I couldn’t imagine myself aborting my sweet baby whom I had seen many times in ultrasounds. At the same time, I did not want a life with Down syndrome for my baby. Who would take care of her when she became an adult… what would happen to her after we weren’t around, not able to help her? I did not want to put the burden of taking care of his sick sister on my son.
The abortion was scheduled. About a week before the abortion, I found a strange peace within myself. I could not cry anymore. I turned my attention back to my poor baby, telling her how sorry I was and how much I loved her. I wanted to feel her move in my womb. I started to value every remaining day with her.
Just two days before the abortion the final results of the amniocentesis results came back.

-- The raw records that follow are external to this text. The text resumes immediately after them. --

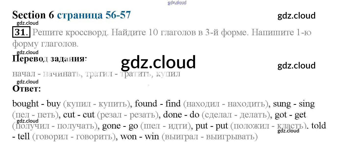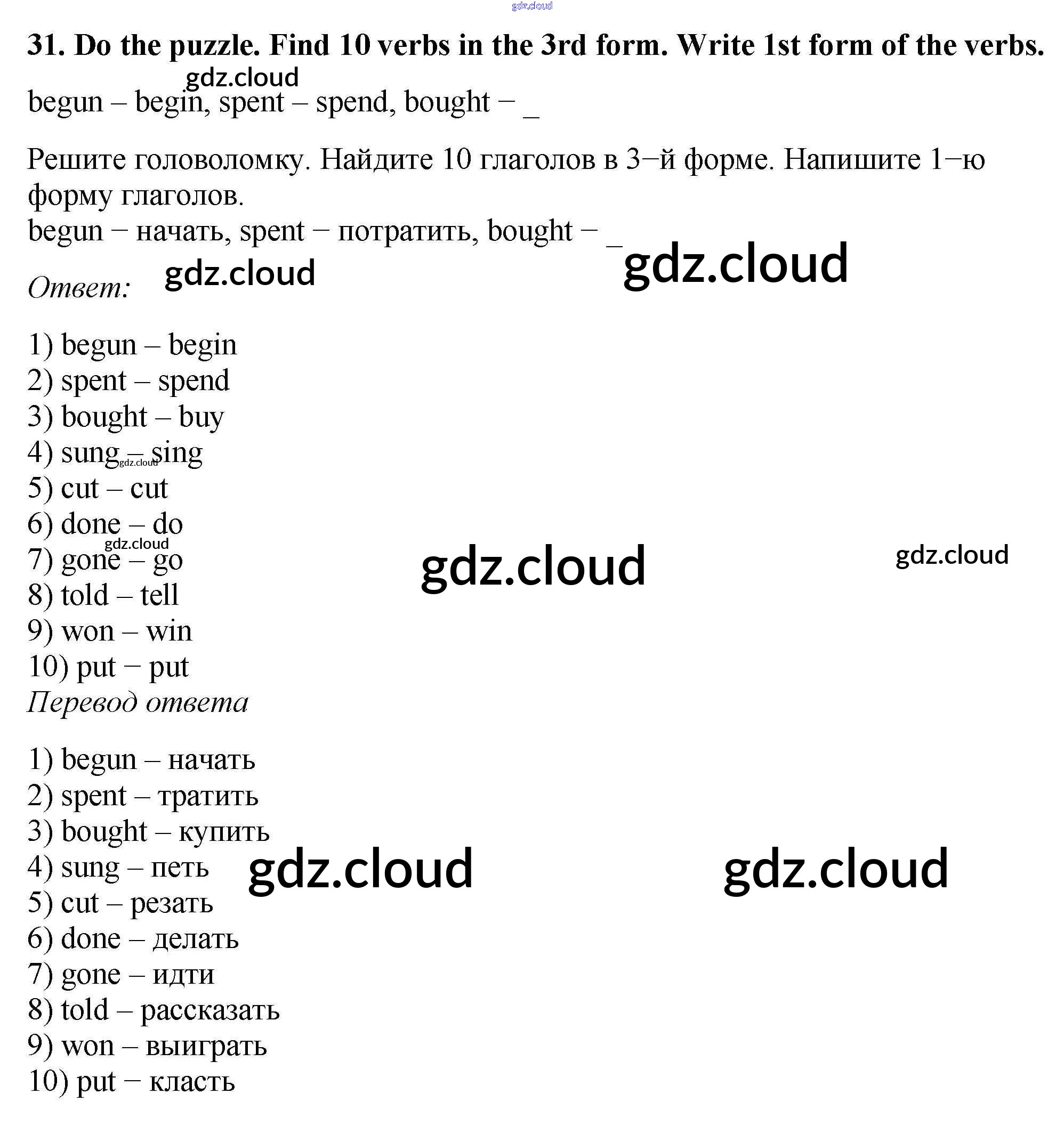 Ответ на задание 31 Рабочая тетрадь Английский язык за 5 (пятый) класс Биболетова, Денисенко, Трубанева Enjoy English 2019, 2015
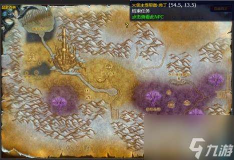 3、然后我们前往晶歌森林坐标(54.5,13.5)处找到大领主提里奥·弗丁完成任务。
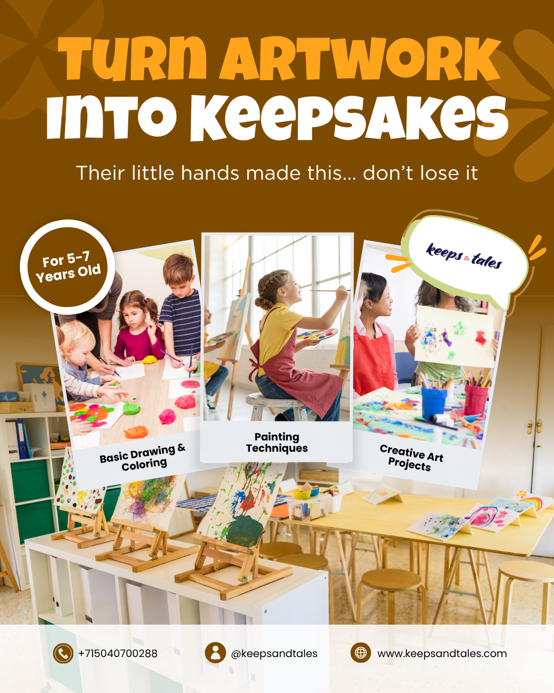 Website Link: https://keepsandtales.com/Creative Way to Save Kids Artwork Forever | Keeps & Tales Save your child’s precious artwork with Keeps & Tales. Their process digitizes and transforms drawings into elegant books and framed mosaics, helping families declutter while keeping memories alive. Website Link: https://keepsandtales.com/0 Comments 0 Shares
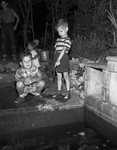 David Moore pointing to spot where he rescued his little brother Sammy Moore from drowning in a three-foot fish pond.
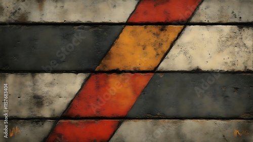 abstract, textured, block, diagonal, colours, stripes, red, orange, yellow, beige, grey, black, brown, grunge, paint, artistic, background, design, pattern, surface, wall, art, texture, style, modern, contemporary, rustic, industrial, vintage, retro, weathered, aged, faded, mottled, rough, coarse, painted, layered, line, geometric, composition, visual, image, graphic
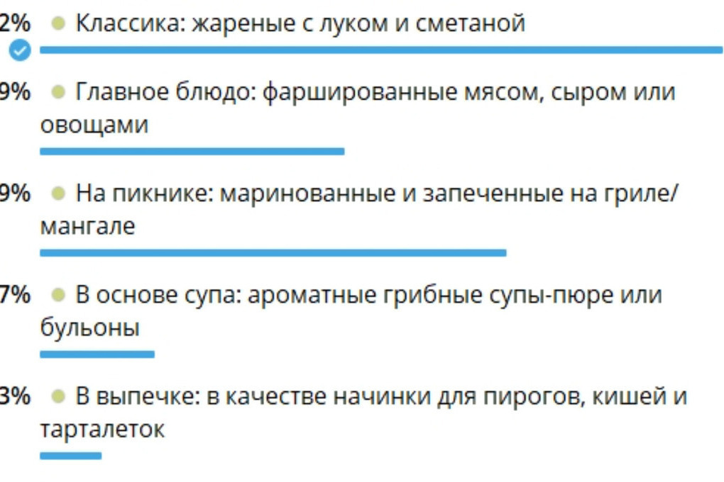 У респондентов четыре варианта ответа: выпечка, суп, фаршированные или классика - жаренные с луком и сметаной.
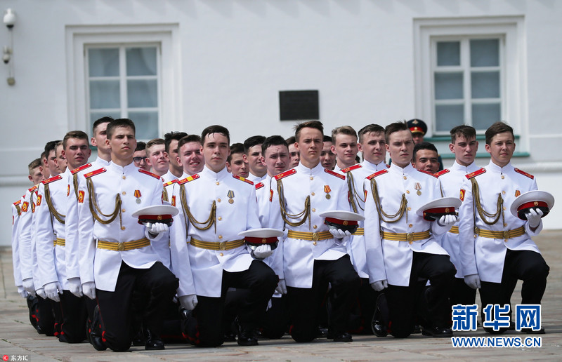 当地时间2018年6月23日,俄罗斯莫斯科,莫斯科苏沃罗夫军校、莫斯科苏沃罗夫军事音乐学院以及俄国防部女子青少年团寄宿学校在克里姆林宫的大教堂广场,举行联合毕业典礼。(图片来源:东方IC)
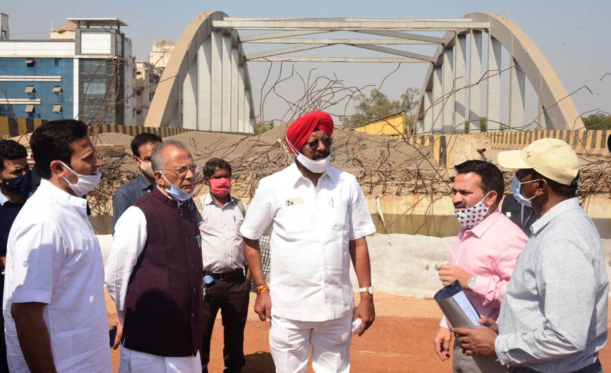 Minister Shri Sahu instructed to complete the security within the under bridge under construction under Telghani Naka, to conduct regular lab tests of quality and speed up the work in time. He instructed the Chief Engineer to submit the progress report of the work every 15 days and complete the work by June 2021. He visited Lalpur Over Bridge and instructed to submit details related to work order, work start, increase in deadline and sublet and follow the tender document on the side. He also directed to issue a warning letter to the concerned construction agency, temporarily halting the work due to non-standard construction. During the inspection, Parliamentary Secretary Mr. Vikas Upadhyay, Chairman of the State Housing Board, Mr. Kuldeep Juneja, Chief Engineer Mr. V.P. K.
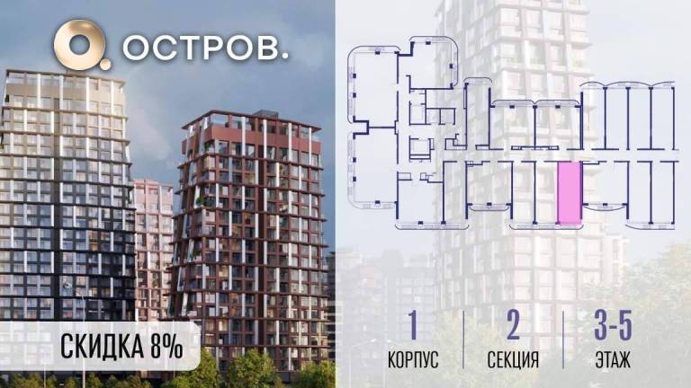 Продаётся квартира от застройщика: общая площадь 28.00 м, жилая 15.40 м, кухня 5.00 м, 4-й этаж, жилой квартал «Остров 14», корпус 1 (секция 1) . Срок сдачи: 2...

The FISH results were confirmed.
I was lucky to find a place and people who did the procedure (a D&E). They were professional and very compassionate. Only one thing upset me. I thought the doctors would send for an after-abortion pathology report to confirm the Down syndrome diagnosis. And I thought we signed permission for this. But the doctors said they wouldn’t do that. They said that the amnio was pretty clear so there was no need to check one more time. I didn’t have the strength to find out if this was true. After all, it could not bring her back to me.
After the abortion, I got a memory box with my baby’s handprints and an ultrasound image inside. (I did not have the strength to look inside right away. It took me a month to find the courage to open the box). In the image, my baby had her head turned away from me, like she was disappointed in me. It was heartbreaking. At the same time, it’s important that I have something of her now that she’s gone.

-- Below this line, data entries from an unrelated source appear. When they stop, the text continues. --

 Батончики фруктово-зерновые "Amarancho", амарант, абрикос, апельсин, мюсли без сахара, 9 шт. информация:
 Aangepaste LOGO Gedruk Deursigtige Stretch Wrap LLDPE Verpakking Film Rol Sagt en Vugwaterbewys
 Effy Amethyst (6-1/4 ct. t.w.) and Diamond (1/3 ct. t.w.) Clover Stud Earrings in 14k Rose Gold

We arranged the cremation of her remains by a funeral home.
God and My Community Support Me Through This
After all, I did not get a miracle from God. But God gives me the support to live through it. I found this website and it has helped me a lot. That’s probably the only reason I’ve decided to share my story here, too. I hope it helps someone else.
My sister-in-law is a religious person and has a great gift for finding the right words at the right time. Having my son helps me to cope with my grief too. Though my church does not approve of abortion, my priest told me he was going to pray for me and with me to help to heal my wounds.
Other relatives also struggled to help me, but didn’t know how. Some preferred to pretend like nothing had happened. Others tried to find the words but they were not right for me. I don’t judge them. If I were in their shoes I would probably behave the same way.
I made peace with my husband. He is a man. And for him, the baby was not as real as it was for me. He could not feel her presence like I could.
I am very grateful to my little girl, who I named Maria, for those five months we had together. Every day I pray and ask her and God to forgive me for my decision. The right decision and wrong decision at the same time. My little daughter… I miss her so much…
Maybe one day we can try again. But I know that another baby will never replace my Maria for me. Also, I have a great fear that something could go wrong again. I wish science could give us a precise answer in the first trimester. I think emotionally it may be easier to terminate a pregnancy when you are (for example) 8 weeks rather than 20. Maybe I am wrong.
I do not wish this kind of experience on anybody. I still feel guilt and sadness, but what has happened to me has become part of me and will stay with me until the end of my life.